Avoiding fusion plasma tearing instability with deep reinforcement learning
Deep reinforcement learning is being applied to control instabilities in fusion plasmas, raising hopes that AI could help keep reactors stable long enough for practical energy production. Commenters contrast this progress with decades of mixed results from tokamak projects like ITER, debate whether fusion can ever be economically competitive with renewables, and highlight alternative concepts such as field‑reversed configurations and direct energy conversion. The thread also touches on skepticism toward unverified fusion claims, concerns about trusting opaque ML systems in critical infrastructure, and why traditional control methods like PID struggle with highly nonlinear plasma dynamics.
Use of AI / Deep RL for Plasma Control
- Fusion plasmas are highly nonlinear, turbulent systems; some argue they may need learning systems that co‑evolve with the plasma to maintain stability.
- Prior work from a tech lab on RL plasma control is mentioned; current paper is said to use a larger, more powerful device with longer shots.
- Others stress that deep learning is only one of many possible nonlinear control strategies.
- Simple controllers (e.g., PID) are considered inadequate because tearing-mode stability needs heavy resistive-MHD/gyrokinetic simulations, not feasible in real time.
- Some are uneasy about ML directly controlling power plants, fearing opaque, “weird” failure modes.
Fusion, Energy Economics, and Use Cases
- Many doubt fusion will ever be cheaper than solar/wind, citing:
- Lower power density than fission → larger, costlier hardware.
- Complex, neutron-damaged structures and radioactive activation.
- ITER/DEMO are seen by some as likely to achieve physics goals but fail economically; others think DEMO could grid‑connect yet still struggle on cost.
- Approaches with direct electricity extraction (e.g., Helion) are seen by some as potentially changing the economics if the physics works.
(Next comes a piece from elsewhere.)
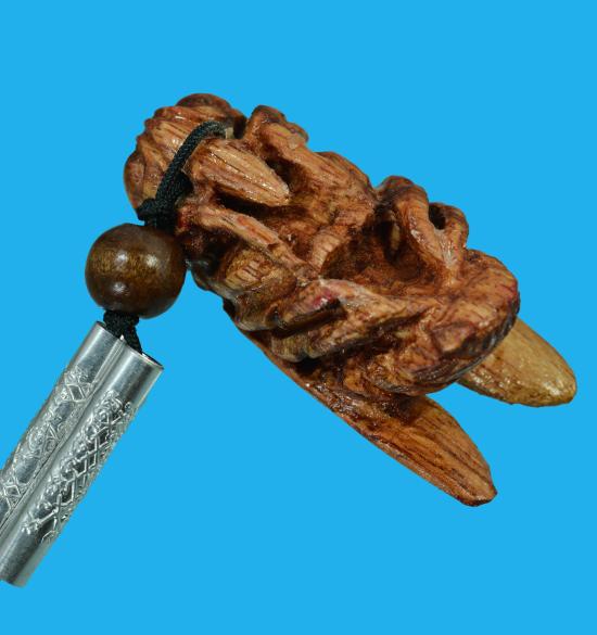 ชื่อพระเครื่อง แมลงภู่คำเชียงตุง ไม้ประดู่ดุมล้อ ขาทะลุ บรรจุปรอทในตัว ลงรักน้ำเกลี้ยง ขนาด 2.2 นิ้ว พร้อมตะกรุดยันตเกราะเพรช ๒ ดอก

- Fusion is proposed as important for deep‑space/outer‑solar‑system colonies; others counter with beamed power or unknown future tech.
Tokamaks vs Alternative Fusion Concepts
- Tokamaks are criticized as 1960s tech with poor scaling and enormous cost; ITER is likened to an overbuilt, outdated “beast.”
- Defenders argue the concept is old but implementation (e.g., high‑temperature superconducting magnets) is cutting‑edge.
- Field‑reversed configurations (FRCs) and companies like Helion/Zap are seen by some as more promising (smaller plants, direct conversion, lower neutrons), but skeptics doubt they will ever reach net power.
- NIF is broadly characterized as weapons‑physics first, with energy research as a secondary benefit.
Safire / Aureon Controversy
- One side promotes the Safire reactor as a cheap, long‑running, self‑organizing multi‑layer plasma that allegedly causes fusion, element transmutation, and even “benign” treatment of radioactive material, claiming third‑party lab verification and collaboration with a major national lab.
- Many others label it pseudoscience or a scam: no peer‑reviewed publications, no independent confirmation, claimed temperatures far below standard fusion conditions, and extraordinary transmutation claims.
- Heavy disagreement over whether videos and conference talks constitute meaningful evidence; debate remains unresolved and heated.
Speculative and Sci‑Fi Reflections
- Idea of “cognitive confinement” as a second natural fusion pathway (alongside gravity) is floated, with “biostars” as potential SETI targets.
- Several playful SF analogies (Star Trek plots, novels, “torchships,” hyperspace bypasses) are used to frame long‑term implications of AI‑controlled fusion.